By early November, I’d finally managed to disentangle myself from our friendship a little bit; Ryan and I were talking less, which seemed to help with my anxiety. Until the day when, for the first time in what felt like weeks, texts from him began appearing on my phone screen — and then didn’t stop. I read message after frantic message: He was quitting Twitter. One of his misogynistic posts (there were many, a fact I tried to overlook in our early days) had finally pissed off enough people. Women started talking about how they felt harassed online by him. The baseball blogs he wrote for, his source of income, started letting him go. I felt bad, kind of, but I felt more of a kinship with the women he’d wronged. I didn’t send him the reassurances I thought he was looking for.
The next day I received a text from another Twitter friend of mine. He and a few others wanted to track down Ryan’s wife. They were worried for her and their kids, and wanted to make sure she knew what was going on in his online world. I agreed to help them look for her.
Between the five of us, it didn’t take us very long to realize that we were not going to find Ryan’s wife. After a few hours, we realized we weren’t going to find Ryan, either — because Ryan, we discovered when we finally confronted him, was a 21-year-old woman who had first created this fake identity eight years ago. She wanted to write about baseball, she said, and all the bylines she saw at the sites she read belonged to men older than herself. So she became one. We had all fallen prey to a long con.

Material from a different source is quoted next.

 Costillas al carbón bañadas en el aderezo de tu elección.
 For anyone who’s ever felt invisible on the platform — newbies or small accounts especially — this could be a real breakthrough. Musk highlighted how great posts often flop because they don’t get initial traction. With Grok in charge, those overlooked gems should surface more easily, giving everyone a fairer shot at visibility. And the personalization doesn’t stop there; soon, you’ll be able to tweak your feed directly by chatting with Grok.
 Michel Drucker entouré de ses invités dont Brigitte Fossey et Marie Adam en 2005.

What followed felt almost like a dream. I messaged a few women I knew who had similar relationships with Ryan so they wouldn’t be blindsided, then I posted something on Twitter about how this baseball writer I’d befriended had been a figment of someone else’s imagination. The retweets started off slowly, and then became a hurricane. My DMs filled with publications reaching out for interviews. I chose to do one, with Deadspin, because I trusted the writer. I began getting emails from producers at the show Catfish.
Things died down soon enough, and so did my anger and my hurt. Processing my own emotions was difficult. I felt an unbelievable sense of loss. I also still felt a strange loyalty to my friend, an inability to fully cut our relationship out of my life. I missed it. Eventually, I worked up the nerve to send “Ryan” a text. Music was one thing we’d often discussed early in our friendship, so I started with an easy opener:
“How did you like the new Taylor Swift album?”

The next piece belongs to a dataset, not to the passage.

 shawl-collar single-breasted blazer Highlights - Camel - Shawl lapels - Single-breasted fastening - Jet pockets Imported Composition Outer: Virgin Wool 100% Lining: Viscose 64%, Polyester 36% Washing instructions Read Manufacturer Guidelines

And then we had a conversation, our first real one.
When I went through a bout of acid reflux a few weeks later, I sent “Ryan” another text: What was the stuff she had once recommended I take for it?
We don’t speak nearly as often as we used to, and I still tread carefully in our interactions, constantly questioning what’s real and what’s not. But much of our friendship, I’ve found, was always genuine. I got along with “Ryan” because I get along with the woman pretending to be him.
My new friend feels a lot of guilt and remorse for what she did to me and to so many others, but she also feels relief. Relief that she can finally be herself. She says she’s going to therapy. People always ask me: How do you actually know? How do you know she isn’t still fooling you? The answer is that I don’t. But sometimes what you need after an experience as strange as this is someone to talk to about it, someone who knows exactly what happened. She’s the only one I have who does.